Wednesday, June 22, 2016

Cultural Norms


Once again; I accompanied my bosses on a trip to the Northern region of Uganda specifically the districts of Koboko, Pader and Karamoja on a monitoring and evaluation exercise for one of the ongoing projects over there. What these districts have in common are distance between each other, dark as sin people and extremely dry weather! I used to lament about the distance from Kampala to Entebbe until I travelled north. That journey to and fro is enough to make location as an item on my list of deal-breakers in a potential partner.
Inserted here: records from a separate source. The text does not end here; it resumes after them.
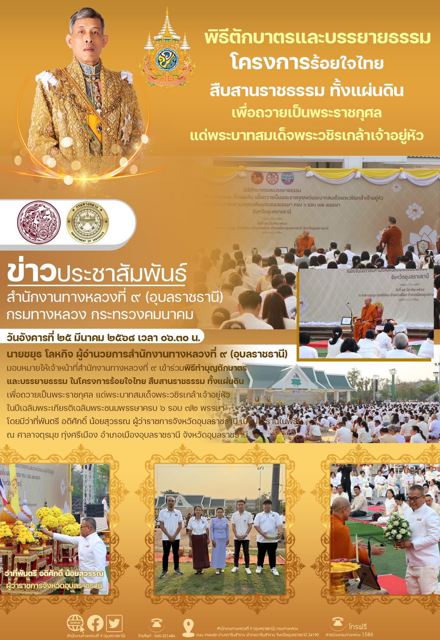 ทำบุญตักบาตรและบรรยายธรรม โครงการร้อยใจไทย สืบสานราชธรรม ทั้งแผ่นดิน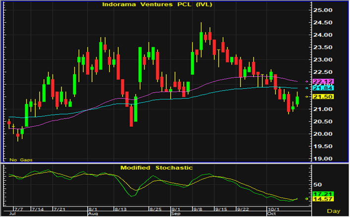 ราคาหุ้น IVL เริ่มฟื้นตัวในช่วงปลายสัปดาห์ที่ผ่านมา และมีสัญญาณซื้อเกิดขึ้นจากเครื่องมือทางเทคนิค การเก็งกำไรฝั่งซื้อมีแนวรับสำหรับเปิดสถานะอยู่ที่บริเวณ 21.1-21.2 บาท และมีจุดขายตัดขาดทุนอยู่ที่ 20.8 บาท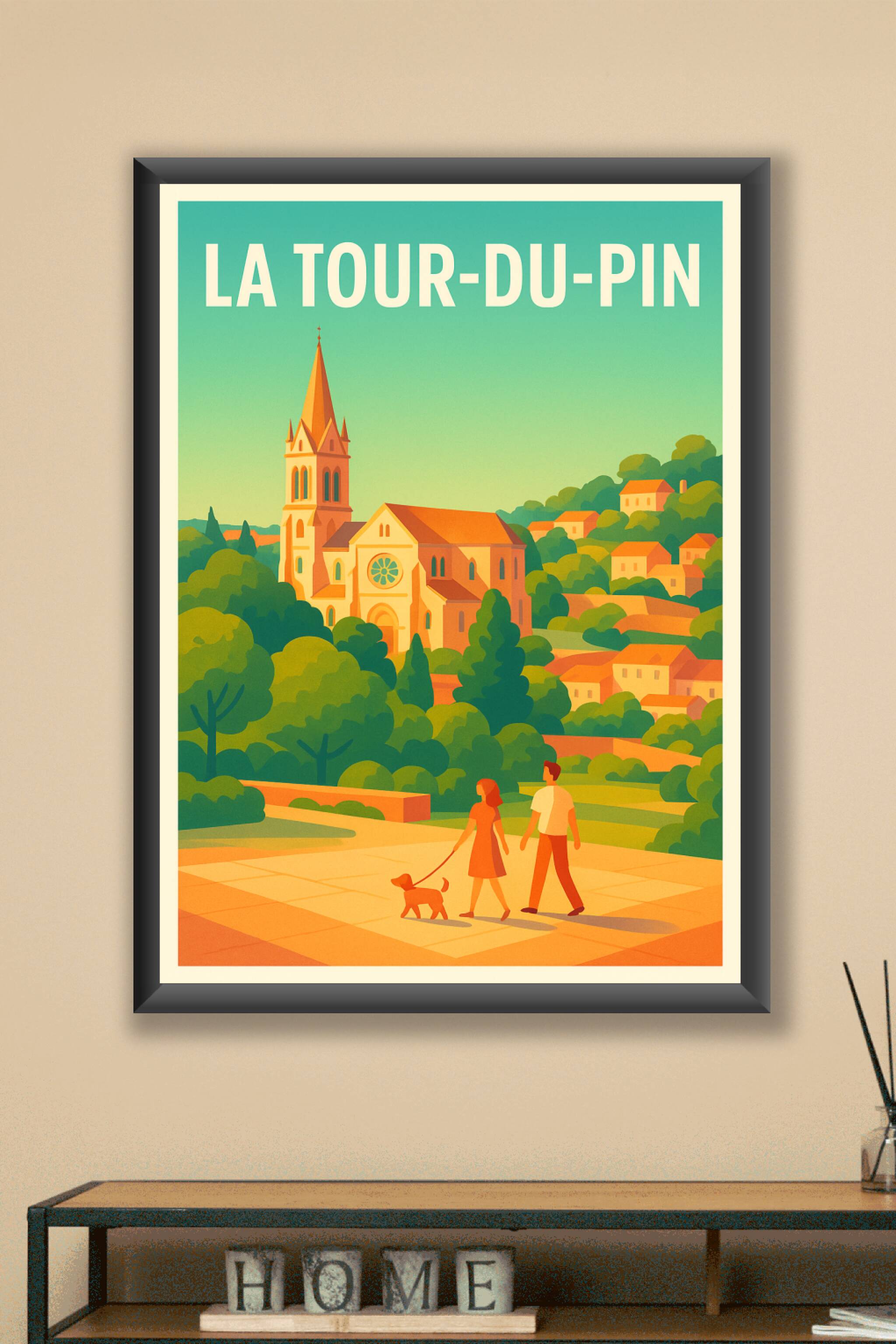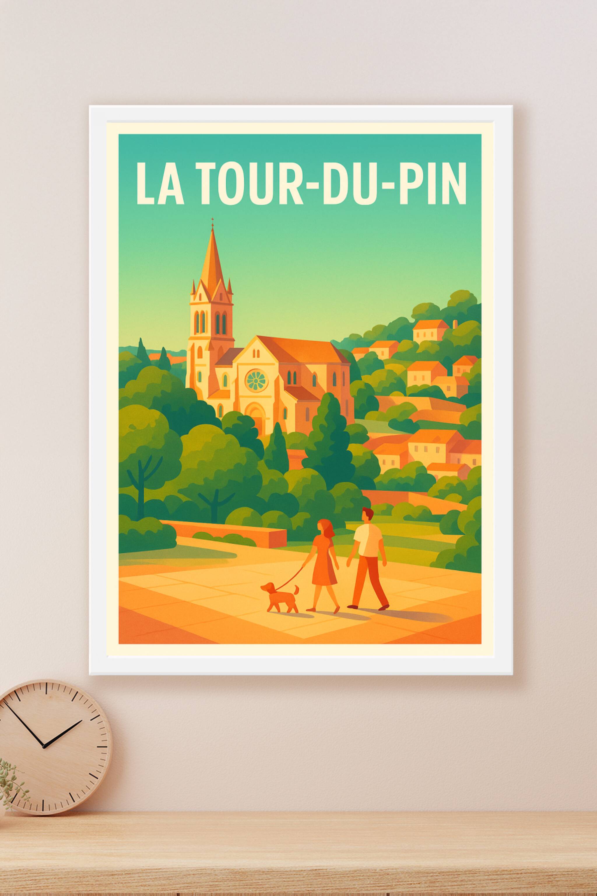 Découvrez le charme paisible de La Tour-du-Pin avec cette affiche illustrée aux couleurs chaleureuses qui mettent en valeur l'architecture emblémat...

Aside from the journey and the extremely hot weather plus short and stout cows; the north is actually beautiful. I loved my first visit to Nebbi and thought it one of the developing districts in that region but Koboko puts up a good fight. It is coming along wonderfully. What impressed me most though was Karamoja. It is incredibly beautiful! The dryness of the earth and weather add to its beauty and I was told it is something else when the rainy season is upon them. If it wasn’t so dry and far, I would consider having a weekend home over there.
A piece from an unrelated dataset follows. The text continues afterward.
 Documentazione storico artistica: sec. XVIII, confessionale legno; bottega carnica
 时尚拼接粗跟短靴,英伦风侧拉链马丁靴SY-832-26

To get back to the purpose of the trip, the project under monitoring and evaluation had to do with the mitigation of gender based violence against girls and women with disabilities. Inasmuch as it was successful across all three districts, the main challenge against absolute success; prejudice and attitude towards persons with disabilities notwithstanding are the cultural norms.
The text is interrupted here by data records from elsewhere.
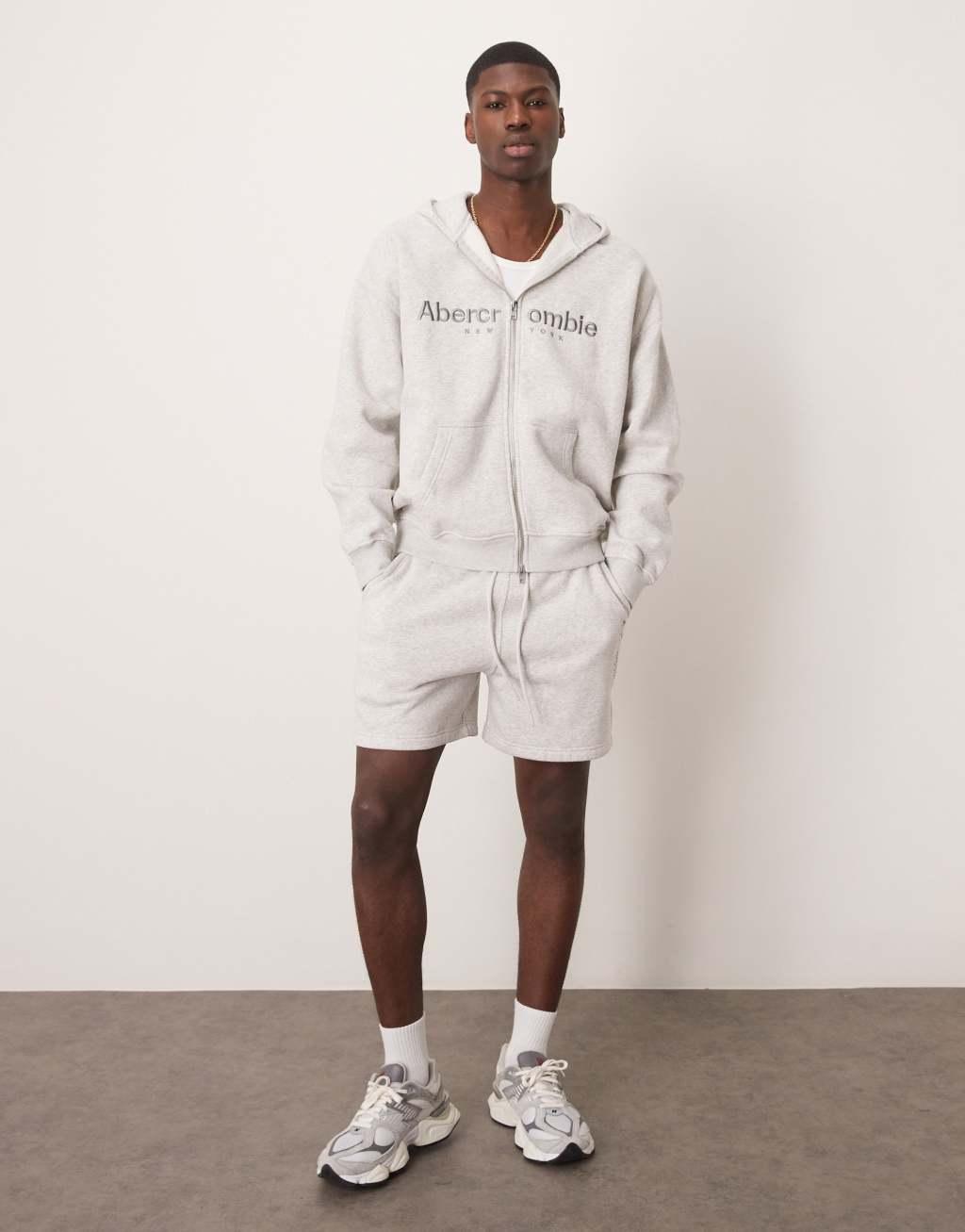 Abercrombie & Fitch zip through logo hoodie in light gray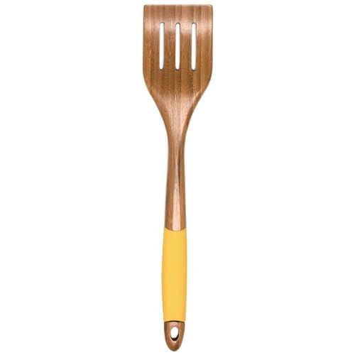 • The Lipper International Bamboo Slotted Spatula with Silicone Handle, Yellow is a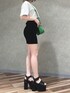 【トップス】中がタンクトップになっていて繋がっているトップスです。おへそより上の丈感で低身長には相性ぴったしのミニ丈トップスです🫶🏽 【ボトムス】リブニット素材のスカートはタイトで女性らしさを出してくれるアイテムです。中がパンツになっているので安心して履いて頂けます。トップスの幅が広くなっているため足が華奢に見える効果もあります◎ 【シューズ】13センチの厚底サンダル Sサイズ着用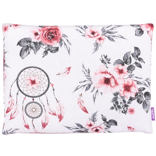Poduszka o wymiarach 25 x 30 cm wypełniona antyalergiczna silikonową włókniną. Poduszka jest płaska, ma około 2cm wysokości, stworzona specjalnie dla niemowląt.
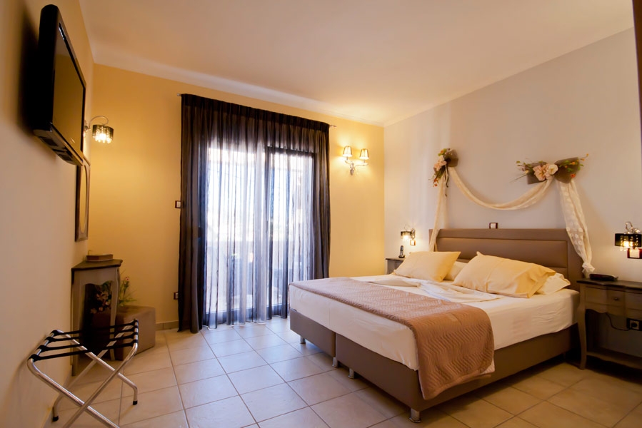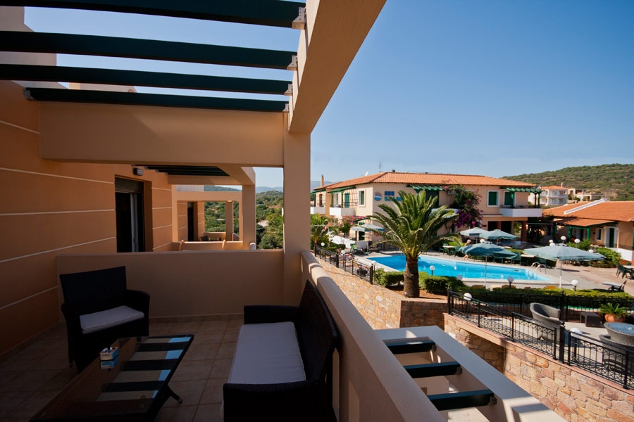 Opening to a balcony with sea and pool views, this split-level suite features: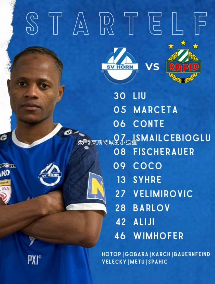 热身赛SV霍恩1-0维也纳快速二队,中国门将刘邵子洋首发出战。

In Kakwa culture (a tribe of people from Koboko) it is a taboo for a woman to report her husband to the police in case of gender based violence. A practice enabled by family members and friends who decide to keep silent about the crime thereby obstructing the judicial system. A victim in Karamoja narrated a similar experience where her partner an officer of the law at that couldn’t be brought to justice over child negligence and abuse out of fear and cultural beliefs. They would rather suffer in silence than bring shame upon themselves and their partners in the community.
If we the educated, well travelled, sophisticated and modern city dwellers can be ensnared in its tight far reaching tentacles when push comes to shove, how about the uneducated and helpless village dwellers? These are ideologies set before us and will continue to live on after us. One cannot battle pre-conceived notions until it is a do-or-die situation which I believe gender based violence is. It always comes down to someone’s inner strength and the need to do better for and by themselves because help alone is nothing. Until one comes to such a point, these tentacles will never be let go of.